Illumindex

December 21, 2025

An exploration of display drivers and IoT systems, from scratch.

Table of Contents

About
Software
1. The Display Driver
2. Everything Else
AI/LLM Involvement
Hardware
1. Parts List
Media
Downloads
1. 3D Models
2. Schematics

About

This project started as a simple idea: I wanted a small display on my desk that could show bits of information throughout the day. There are already a ton of these informational displays on the market, but if I’m being honest, actually having the display was never as interesting to me as building it. I’d always wondered how LED matrix displays worked, and combining one with networking sounded like a great excuse to also explore IoT development.

Thus "Illumindex" was born, short for "Illuminated Information Index".

If you want to learn the nitty-gritty, low-level implementation of an LED matrix display and its driver – at the hardware and firmware level – this article will hopefully be informative and useful for you. If you just want to see the pictures and the parts list, jump down to the sections after the software description.

Software

The software is open source and available at github.com/zbauman3/illumindex.

The primary goal of this project, from a software perspective, was to learn how to build a display driver and design a small but complete IoT system from the ground up. To support that goal, I chose to write all of the application code myself. No third-party libraries are used in the firmware, only the manufacturer SDK, the roughly 4,000 lines of code that make up the system are entirely my own.

The project is built on top of the ESP-IDF, the official SDK provided by Espressif for the ESP32 family of microcontrollers. Using the ESP-IDF provides access to the underlying hardware, startup code, and toolchain support without abstracting away the details that are important when working close to the metal. It also provides some useful utilities that saved me a ton of time, like cJSON.

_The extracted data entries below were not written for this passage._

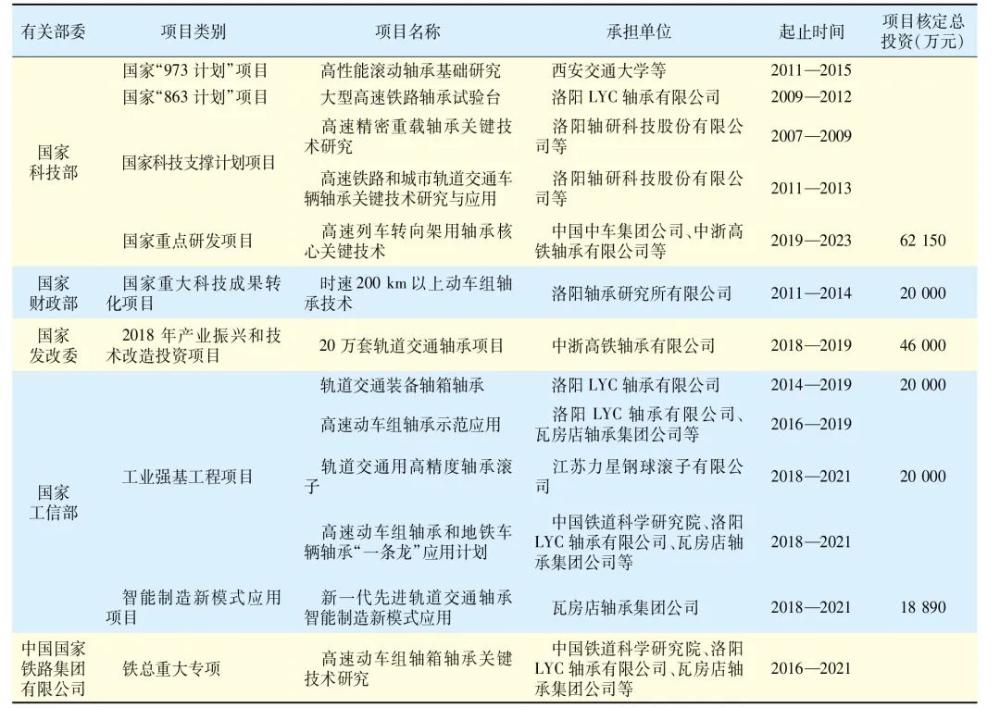 高速鐵路是戰(zhàn)略性新興產業(yè),是制造強國戰(zhàn)略的重點領域。國產高速動車組及配套軸承的開發(fā)應用引起了國家有關部委的高度重視和社會各界的廣泛關注。十多年來,國家有關部委實施了一系列支持國產高速動車組軸承開發(fā)應用的政策項目,見表5(據(jù)不完全統(tǒng)計,這些項目核定總投資近19億元)。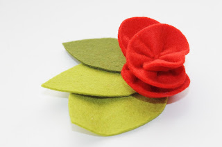 Cut a felt strip, this one for example is 5 x 25 cm, fold it and secure it with pins, then you have to cut small strips along the side it´s folded, without reaching the end. Once the strips are cut we roll it itself while we remove the pins and finally glue the base to the leaves, with hot silicone.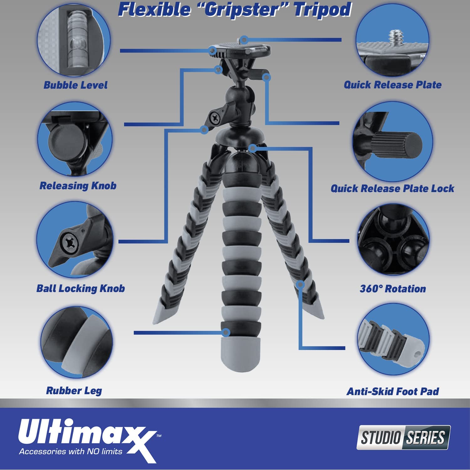 - ULTIMAXX 8 TRIPOD GRIPSTER (GREY)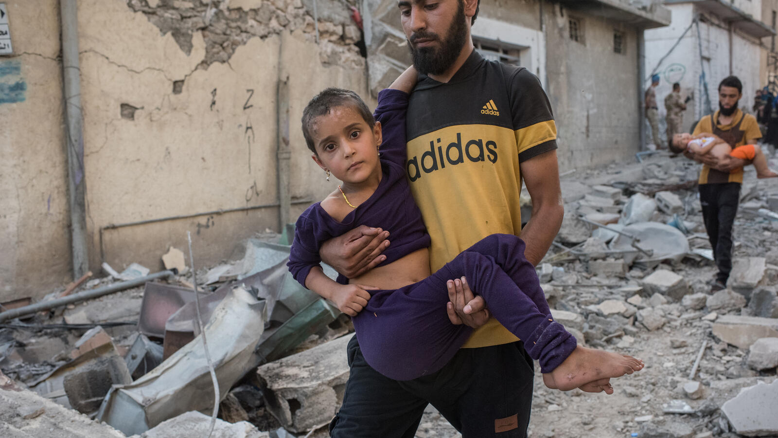 Two men carry sick and injured children to safety through the rubble of a street in the old city of Mosul on June 24, 2017.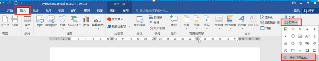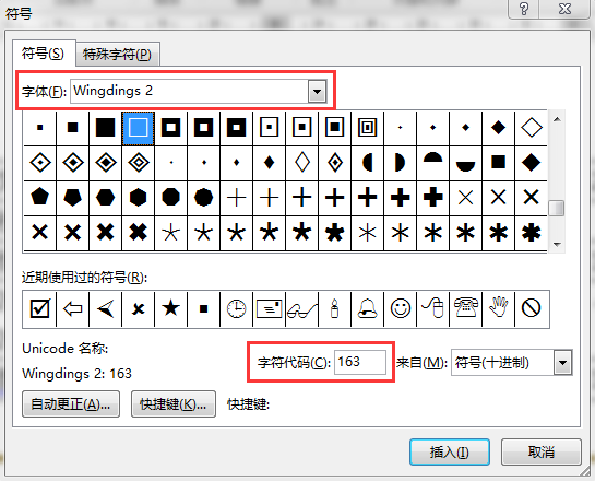 (2)在第2行第4列的单元格中,将鼠标定位在“团委”前,单击“插入”→“符号”→“其他符号”(图1),在弹出的“符号”对话框(图2)中,选择“字体”为“Wingdings2”,在“字符代码”框内输入163,单击“插入”按钮。复制该符号至“赞助”前。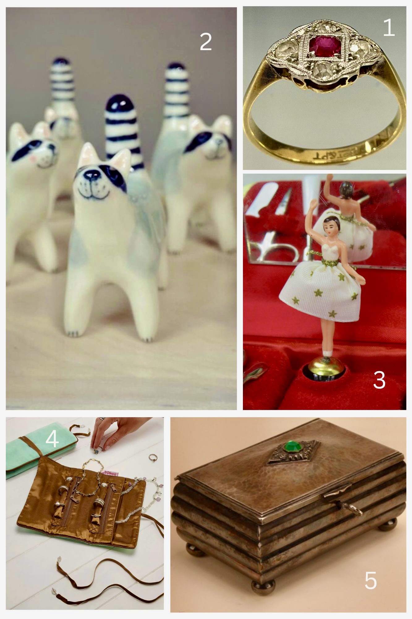 Here’s one more little challenge before I finish. Assemble your jewellery. Find your existing pieces; clean it, buy replacement butterflies for your earrings (you can buy a big box on Amazon for £4.99) and contact a local jeweller if your pieces need any repairs/alterations. Expand your collection by ask for jewellery as a gift, or treat yourself – if you buy well, those pieces should last a lifetime. Don’t forget to invest in something lovely to store in it;- a velvet pouch/roll, a classic box or a cute handmade racoon for your rings (above).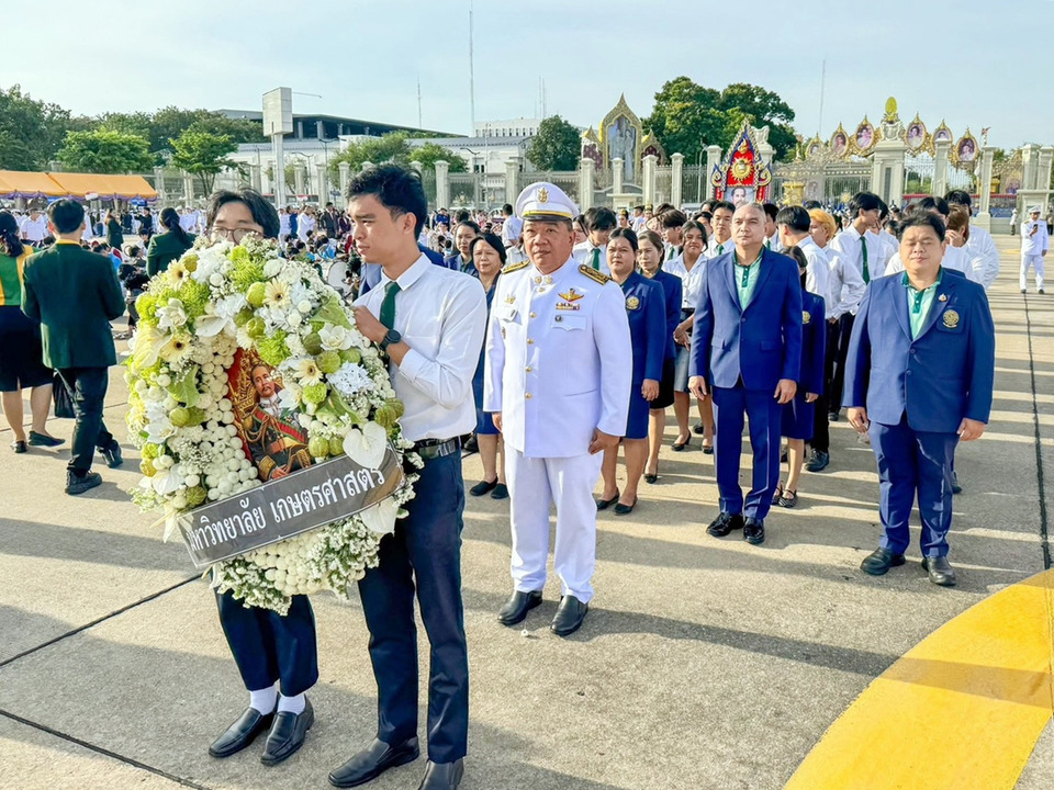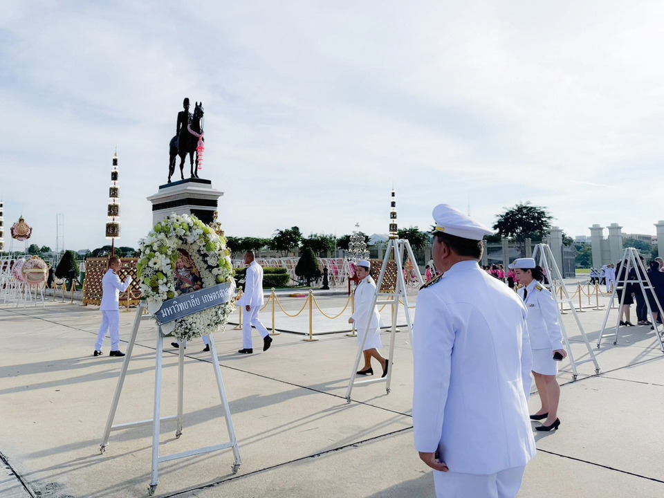 ชาวมหาวิทยาลัยเกษตรศาสตร์ นำโดยผู้ช่วยศาสตราจารย์ รัชด ชมภูนิช รองอธิการบดีฝ่ายกิจการนิสิตและพัฒนาอย่างยั่งยืน พร้อมด้วย ผู้อำนวยการกองพัฒนานิสิต ผู้บริหาร บุคลากรกองพัฒนานิสิต และผู้แทนคณะผู้นำนิสิตจาก องค์การบริหาร องค์การนิสิต สภาผู้แทนนิสิต องค์การนิสิต และสโมสรนิสิต เข้าร่วมพิธีถวายบังคมและวางพวงมาลา ณ อนุสาวรีย์พระบรมรูปทรงม้า หน้าพระลานพระราชวังดุสิต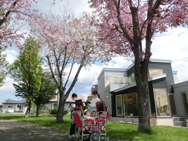 風が吹くと桜の花びらがひらひらと落ちてきて、手を伸ばしたり目で追いかけて興味を示していた子ども達です。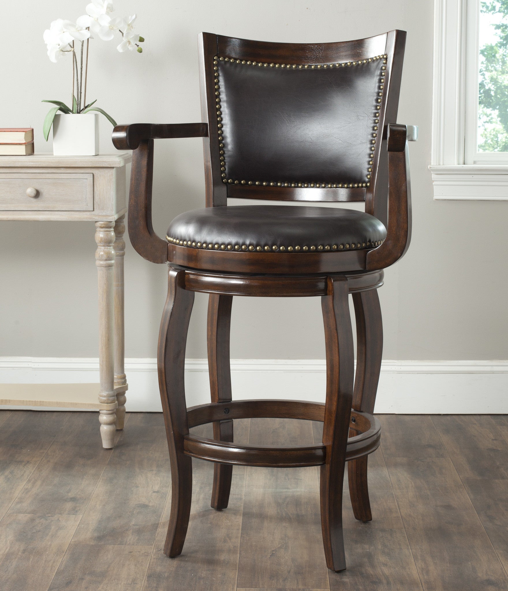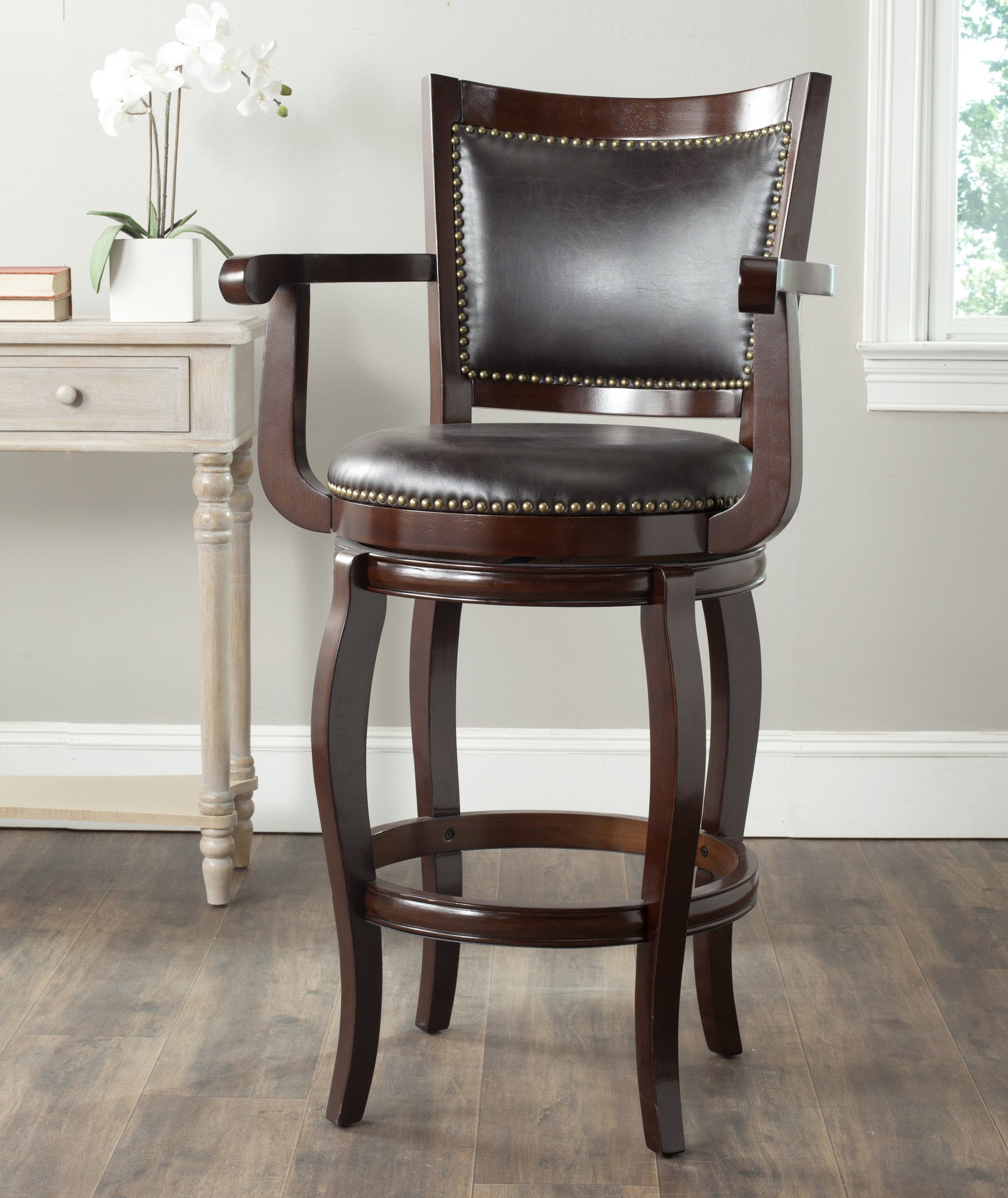 Timeless with a Euro-chic edge, the GitaN Swivel Barstool gives a classic silhouette an update for transitional rooms. Upholstered with dark brown PU leather with bronze nailhead trim, GitaN is crafted of eco-friendly rubberwood in sierra brown.

For the backend, I used a simple serverless application built with Next.js and deployed on Vercel. This is what I use day to day at work, which made it easy to stand up a basic API endpoint and iterate. The backend primarily serves as a lightweight data source for the device, but also houses some visual development utilities like a local simulator that mirrors the current state of the LED matrix and a small utility for drawing and generating bitmaps.

The Display Driver

The display driver is easily the most interesting part of this project, and will be covered in the most detail. For more detailed information on it, feel free to checkout the source code here.

What is an LED Matrix?

Before diving into the software, it is important to understand the physical layer that the display driver interacts with. An LED matrix display is nothing more than a grid where each point is made from small red, green, and blue LEDs:

In an LED matrix display, not all LEDs are illuminated at the same time. Instead, only two rows are active at any given moment: one row on the top half of the display and one row on the bottom half. To show an image, the system rapidly cycles through all rows of the display, fast enough to exploit persistence of vision and appear as a solid image. Achieving this refresh speed is trivial for a microcontroller. The ESP32-S3 used in this project has two cores operating at 240 MHz, which allows one core to be dedicated to the display driver while the other handles everything else.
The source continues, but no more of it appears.